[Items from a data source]

::::

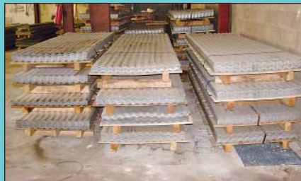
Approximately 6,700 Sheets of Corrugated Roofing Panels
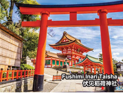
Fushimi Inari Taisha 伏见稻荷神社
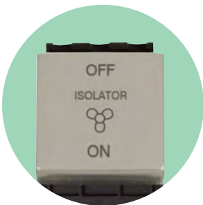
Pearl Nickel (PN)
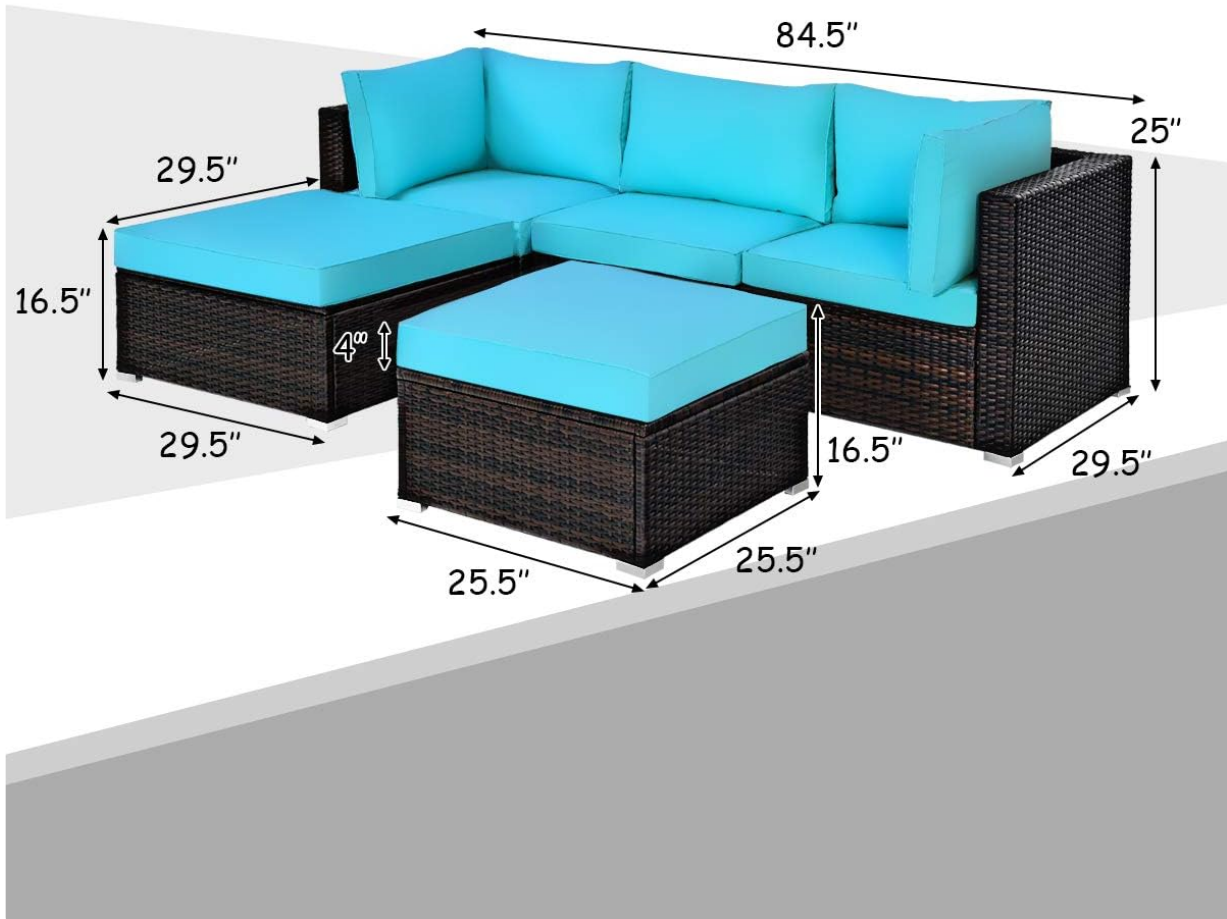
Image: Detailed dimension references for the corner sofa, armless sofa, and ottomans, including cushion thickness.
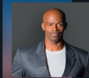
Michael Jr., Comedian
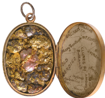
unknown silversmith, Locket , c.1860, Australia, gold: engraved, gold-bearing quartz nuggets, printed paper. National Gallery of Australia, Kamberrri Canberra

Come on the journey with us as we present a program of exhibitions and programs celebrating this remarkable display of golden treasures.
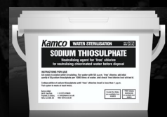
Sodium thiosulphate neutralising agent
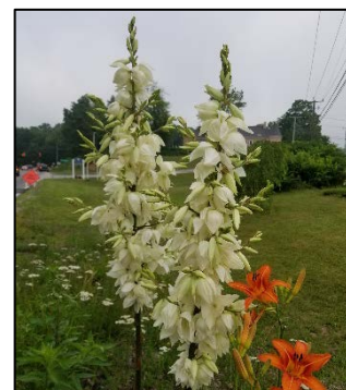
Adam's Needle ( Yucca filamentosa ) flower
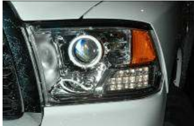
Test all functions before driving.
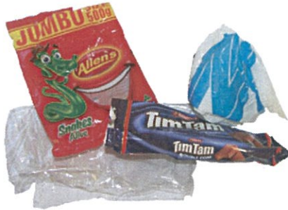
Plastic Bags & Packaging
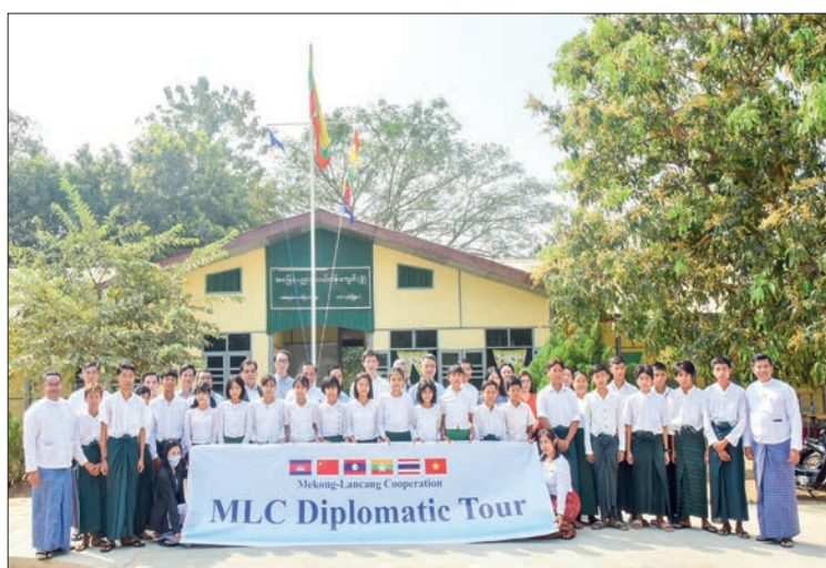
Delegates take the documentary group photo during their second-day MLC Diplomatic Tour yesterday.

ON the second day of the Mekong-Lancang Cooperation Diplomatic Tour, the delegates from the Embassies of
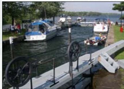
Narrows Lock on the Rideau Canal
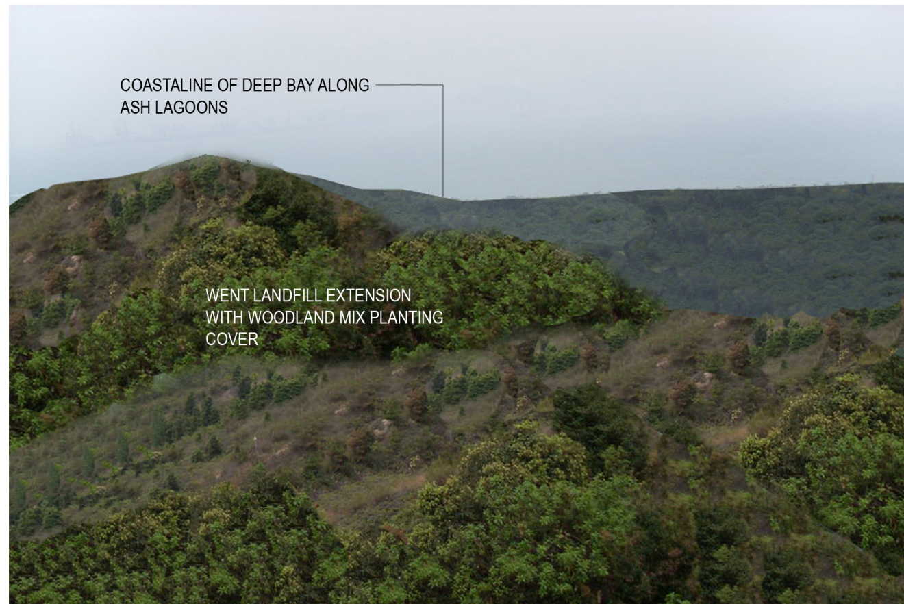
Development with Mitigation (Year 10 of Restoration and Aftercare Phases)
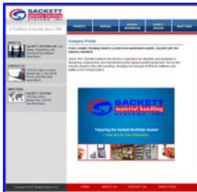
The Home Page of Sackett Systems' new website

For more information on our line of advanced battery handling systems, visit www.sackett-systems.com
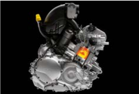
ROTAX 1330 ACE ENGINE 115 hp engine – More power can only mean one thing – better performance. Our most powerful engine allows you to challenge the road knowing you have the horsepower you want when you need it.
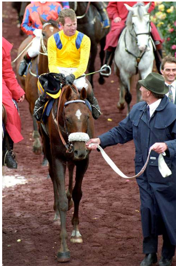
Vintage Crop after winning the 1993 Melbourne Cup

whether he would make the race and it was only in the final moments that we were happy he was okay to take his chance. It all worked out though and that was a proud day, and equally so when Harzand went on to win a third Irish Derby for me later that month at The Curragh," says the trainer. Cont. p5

::::

→ The task
Reproduce exactly, without any picture, the lines from the one bearing "Come on the" to the last line of the records above.

→ Output below
Come on the journey with us as we present a program of exhibitions and programs celebrating this remarkable display of golden treasures.
Sodium thiosulphate neutralising agent
Adam's Needle ( Yucca filamentosa ) flower
Test all functions before driving.
Plastic Bags & Packaging
Delegates take the documentary group photo during their second-day MLC Diplomatic Tour yesterday.

ON the second day of the Mekong-Lancang Cooperation Diplomatic Tour, the delegates from the Embassies of
Narrows Lock on the Rideau Canal
Development with Mitigation (Year 10 of Restoration and Aftercare Phases)
The Home Page of Sackett Systems' new website

For more information on our line of advanced battery handling systems, visit www.sackett-systems.com
ROTAX 1330 ACE ENGINE 115 hp engine – More power can only mean one thing – better performance. Our most powerful engine allows you to challenge the road knowing you have the horsepower you want when you need it.
Vintage Crop after winning the 1993 Melbourne Cup

whether he would make the race and it was only in the final moments that we were happy he was okay to take his chance. It all worked out though and that was a proud day, and equally so when Harzand went on to win a third Irish Derby for me later that month at The Curragh," says the trainer. Cont. p5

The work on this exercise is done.